Ten minutes later, I had downloaded Smudge Apps’ Megaphone from the App Store for $1.99. Megaphone is marketed to people who want to use their iOS devices as voice microphones while connected to an amplifier or radio output, but it works fine for relaying sound picked up by the iPhone’s earphone-based microphone to my weak ear as well. Their Megaphone Free does the same thing for free, as you might surmise, but at the “cost” of ads and nagware to upgrade.

I’ve had two results: one nearly amazing, and the other quite creepy. The amazing result: the setup works perfectly. I keep one earphone in my right ear and leave the left one dangling; this avoids the visual cue that I’m listening to something and don’t want to have a conversation. The microphone on the earphones picks up any speech that’s directed to me, and Megaphone amplifies it before it hits my right eardrum. I’ve had zero issues hearing people in conversation since I’ve tried this trick.

The only downside: Megaphone doesn’t use iOS 4 multitasking, so when I leave the app, my hearing aid disappears as well. (With Megaphone Free, accidentally tapping the huge Upgrade button switches to Safari, which also turns off the microphone.) The ideal alternative would be an app I could run in the background in conjunction with the iPod app, so I could listen to music as well as interact with the world around me. But it’s not particularly obtrusive to fire up Megaphone as an on-demand hearing aid for a given conversation. My next experiment will be to try out a Bluetooth headset, making me into one of those oh-so-stylish people who wears one all day. (But I expect that the main reason to stick with wired earphones is that I won’t have to deal with battery issues beyond the iPhone itself.)

Which brings me to the creepy issue. Use Megaphone with the normal iPhone earphones, and the mic pickup sits just below your chin; you’ll hear only sound that’s directed at you. But switch your iPhone earphones for the standard iPod earphones, which don’t have a mic, and now you’ll be using the rather sensitive omnidirectional microphone that’s built into the iPhone and fourth-generation iPod touch.

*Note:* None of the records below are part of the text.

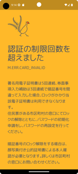 署名用電子証明書もしくは、券面事項入力補助のパスワードの間違い回数の上限を超えました。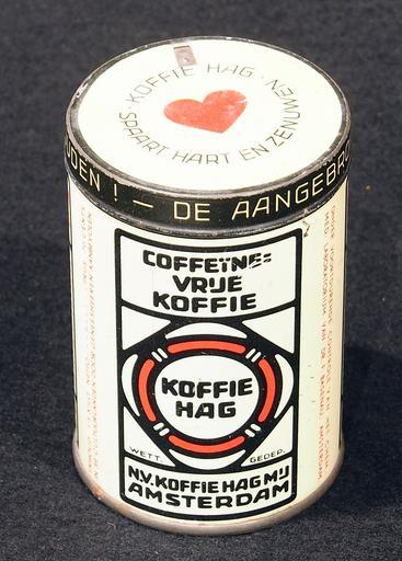 | Keywords: Koffie Hag bus, foto 1.JPG Very old packaging of a Dutch product that is not produced and not sold any more Photographed at a collector of Droste For info see http //www tincollectors nl/ tincollectors nl or email info tincollectors nl own 2014-04-11 09 26 32 Alf van Beem CC-Zero Trademarked Coffee tins |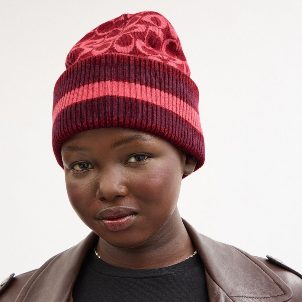 Nuestras rallas varsity de firma y deportivas combinan en este cálido gorro. Confeccionado en lana de merino, añade el estilo de herencia Coach a cualquier look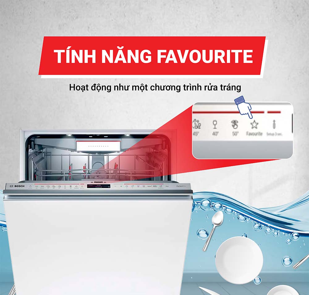Khi ở chế độ mặc định thì chương trình yêu thích được mặc định là chương trình rửa tráng 15 phút. Bên cạnh đó, chương trình Favourite còn cho phép kết hợp 1 chức năng cơ bản và tính năng đặc biệt trong một nút ấn. Lần sau, khi muốn sử dụng lại, bạn chỉ cần chọn chế độ Favourite, máy sẽ tự động thực hiện cả hai tùy chọn đã chọn trước đó.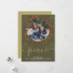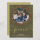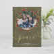 This delightful holiday card features a pattern of snowflakes and a holly berry wreath .. the card is designed in muted green tones - with a lovely delicate scroll font detail with the word "peace" - this can be changed to suit your requirements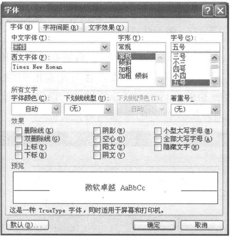 (1)选定要设置的文本,执行“格式”→“字体”菜单命令,弹出如图3-14所示的“字体”对话框。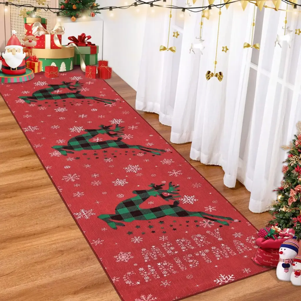 Refresh your home with this easy-to-care-for Christmas rug, crafted from sturdy polyester for a cozy feel. The size fits hallways, entryways, and more—offering festive style that suits any decor. Shed-free tassels keep things tidy, while the machine-washable design ensures simple maintenance. A versatile addition that blends comfort and cheerful Christmas spirit in any room.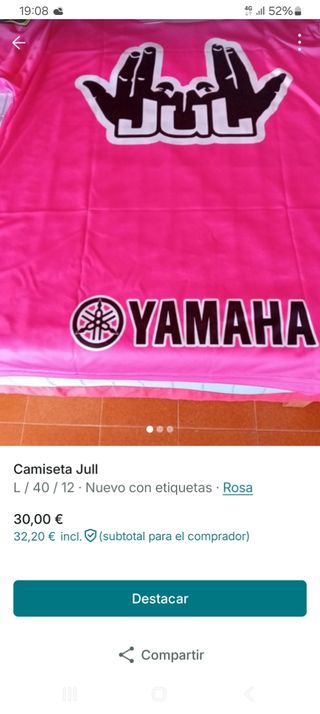 Camiseta de la marca Yamaha con diseño Jull. - Color rosa vibrante. - Talla L (40/12). - Nueva con etiquetas.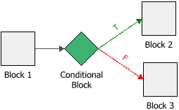 A conditional block functions as an "if" statement. It checks the incoming value against a conditional expression, with possible outcomes of true and false. A conditional block accepts one incoming path and may have one or two outgoing paths.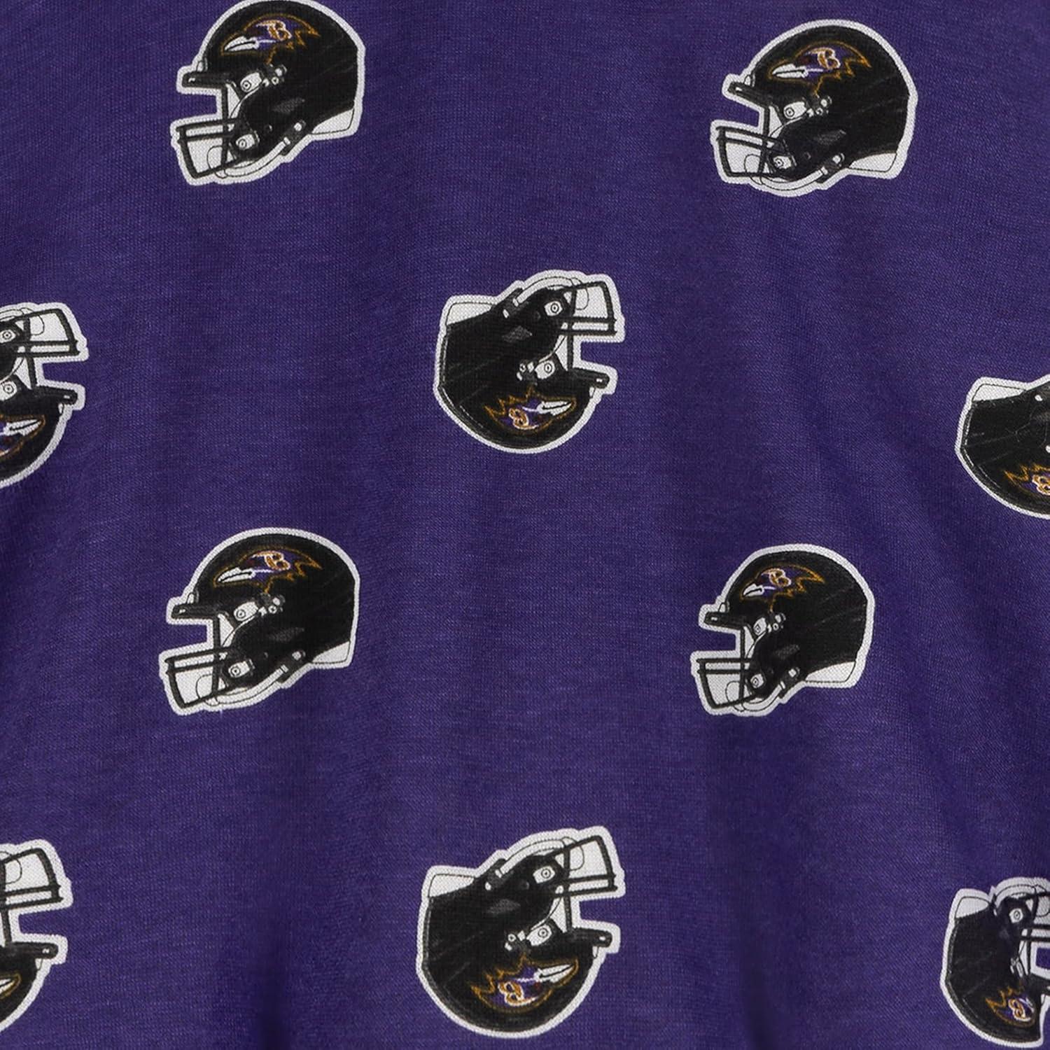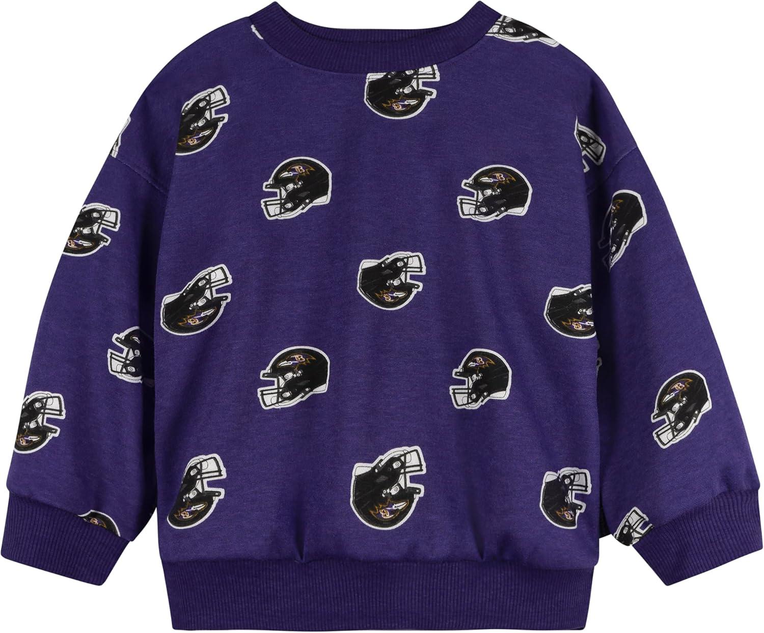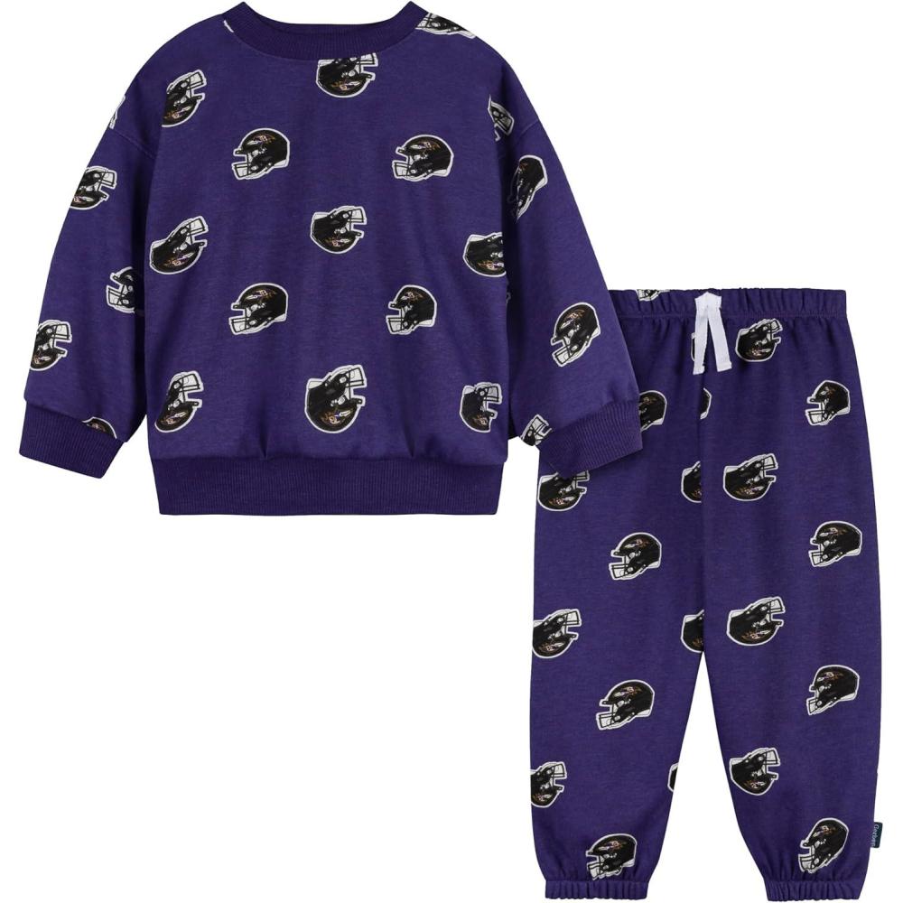 Dress your little Ravens fan in this comfortable fleece set, ideal for cooler weather. The soft fleece fabric keeps them warm, and the drop-shoulder sweatshirt offers a relaxed feel. Ribbed trims at the collar, cuffs, hem, waistband, and ankles provide a snug fit. An allover helmet print adds a touch of team spirit to this cozy baby or toddler outfit.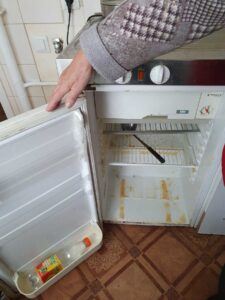 «Все лето проходила вот в этих тряпичных чунях, хотя было жарко. Мы давали ей сандалии, трусы и носки. Приносили фрукты – ей очень нравится виноград, арбуз, но опекун ей этого ничего не покупает. Да и вообще никакой еды в доме часто нет, кроме той, что привозят в обед социальные работники. Мы сами приносим ей еду», – рассказывают женщины. Но холодильник у Марии давно сломан, поэтому пища быстро портится.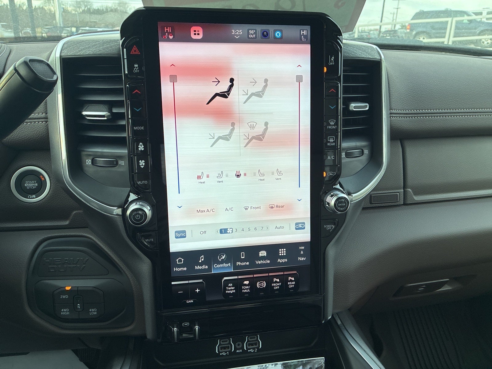 #1 Seat Foam Cushion, 10 Speakers, 115V Auxiliary Rear Power Outlet, 14.4 Touchscreen Display, 17 Speaker harman/kardon Premium Sound, 2 Way Rear Headrest Seat, 2nd Row In Floor Storage Bins, 3.73 Axle Ratio, 4 Way Front Headrests, 4-Wheel Disc Brakes, 4G LTE Wi-Fi Hot Spot, ABS brakes, Active Lane Management System, Adaptive Steering System, Air Conditioning, Alexa Built-In, Alloy wheels, AM/FM radio: SiriusXM with 360L, Anti-Spin Differential Rear Axle, Apple CarPlay, Apple CarPlay/Android Auto, Auto Adjust In Reverse Exterior Mirrors, Auto Dim Exterior Mirror, Auto High Beam Headlamp Control, Auto Level Rear Air Suspension, Auto Power-Folding Mirrors, Auto-Dimming Exterior Passenger Mirror, Auto-dimming Rear-View mirror, Automatic temperature control, Black Wheel Center Hub, Brake assist, Bright Front Bumper, Bright Rear Bumper, Bucket Seats, Bumpers: body-color, Chrome Bumper Package, Chrome Exterior Mirrors, Clearance Lamps, Cold Weather Group, Compass, Connected Travel & Traffic Services, Connectivity - US/Canada, CTR Stop Lamp w/Cargo View Camera, Delay-off headlights, Disassociated Touchscreen Display, Driver door bin, Driver vanity mirror, Drowsy Driver Detection, Dual front impact airbags, Dual front side impact airbags, Dual Wireless Charging Pad, Electronic Stability Control, Emergency Vehicle Alert System (EVAS), Engine Block Heater, Exterior Mirrors Courtesy Lamps, Exterior Mirrors w/Heating Element, Exterior Mirrors w/Memory, Exterior Mirrors w/Supplemental Signals, Foam Bottle Insert (Door Trim Panel), Folding Flat Load Floor Storage, Forward & Reverse Utility Lights, Front anti-roll bar, Front Center Armrest w/Storage, Front dual zone A/C, Front fog lights, Front reading lights, Front Seat Back Map Pockets, Full Length Upgraded Floor Console, Fully automatic headlights, Garage door transmitter, Global Telematics Box Module (TBM), Google Android Auto, GPS Antenna Input, GPS Navigation, HD Radio, Heated door mirrors, Heated Front Seats, Heated front seats, Heated Steering Wheel, Heated steering wheel, High Back Seats, Illuminated entry, Integrated Voice Command w/Bluetooth®, Laramie Level 2 Plus Equipment Group, Leather Trim 40/20/40 Bench Seat, Leather Trimmed Bucket Seats, LED Bed Lighting, Low tire pressure warning, Mirror Running Lights, MOPAR Deployable Bed Step, MOPAR Front & Rear Rubber Floor Mats, MOPAR Spray In Bedliner, MOPAR Winter Front Grille Cover, Navigation System, Occupant sensing airbag, Off-Road Info Pages, Outside temperature display, Overhead airbag, Overhead console, Panic alarm, ParkView Rear Back-Up Camera, Passenger door bin, Passenger vanity mirror, Power 2-Way Driver Lumbar Adjust, Power 2-Way Passenger Lumbar Adjust, Power Adjust 8-Way Driver Seat, Power Adjust 8-Way Front Passenger Seat, Power Adjust Mirrors, Power Adjustable Convex Aux Mirrors, Power Adjustable Pedals w/Memory, Power Deployable Running Boards, Power door mirrors, Power driver seat, Power Heated Fold Telescopic Mirrors w/Memory, Power passenger seat, Power steering, Power Sunroof, Power Telescoping Mirrors, Power windows, Quick Order Package 24H Laramie, Radio data system, Radio: Uconnect 5 Nav w/12.0 Display, Radio: Uconnect 5 Nav w/14.4 Display, Rain Sensitive Windshield Wipers, Rear 60/40 Folding Seat, Rear anti-roll bar, Rear Backup Alarm, Rear reading lights, Rear seat center armrest, Rear step bumper, Rear window defroster, Remote keyless entry, Remote Tailgate Release, Security system, Selectable Tire Fill Alert, SiriusXM Radio Service, SiriusXM w/360L, Speed control, Split folding rear seat, Steering wheel mounted audio controls, Surround View Camera System, Tachometer, Tilt steering wheel, Towing Technology Group, Traction control, Traffic Sign Recognition, Trailer Reverse Guidance, Trailer Tire Pressure Monitoring System, Trailer Tow Pages, Trip computer, T Price includes: $2000 - 2025 National Bonus Cash . Exp. 02/02/2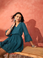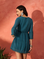 InWeave Teal Lurex Dress With LaceThe Teal Lurex Dress with Lace is an elegant and eye-catching garment perfect for special occasions. This dress i...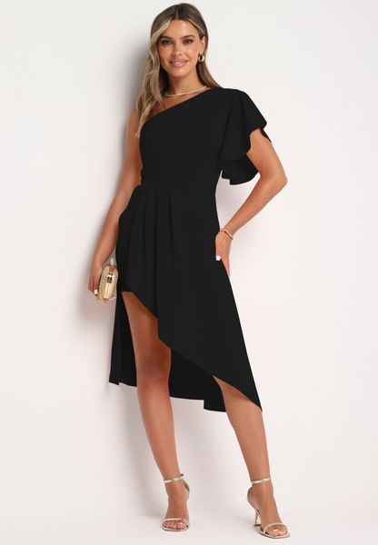Czarna Asymetryczna Sukienka Wieczorowa na Jedno Ramię Ozdobiona Falbankami Vimasira

I tried this out for the first time while standing outside of a Starbucks, and suddenly I could hear the footsteps of anyone walking by. Snatches of a conversation at a 20-foot distance. I heard a siren, and then was shocked to see an ambulance pass by three blocks away. Traffic and ambient noise are also amplified, of course, but our brains have had a quarter-million years to learn how to separate out important sound frequencies, and that, plus my lip-reading abilities, turned me into a rather powerful eavesdropper. Walk into my Starbucks and observe me with my earphones in and my iPhone with the screen turned off, and you’ll probably assume I can’t hear a thing. But I can probably hear you place your order as well as the barista can.

No, I can’t listen in on your entire conversation from across the room, but I think I need to close that sentence with “just yet.” With some more experience in lip reading, I think I might be able to. More to the point, with a different app that lets me alter the sound waveform in real-time to focus on a particular voice, or with an unobtrusive directional mic (mounted on my glasses, perhaps?), this would be child’s play.

So this experiment leaves me with two thoughts: First, for two bucks I’ve just purchased a hearing aid which works damned well. Second, nearly everyone I encounter has an iPhone, iPod touch, Android gizmo, or similar device that can be used for this purpose; it might not be long before holding private conversations in public spaces might be a very bad idea. And it may have happened already.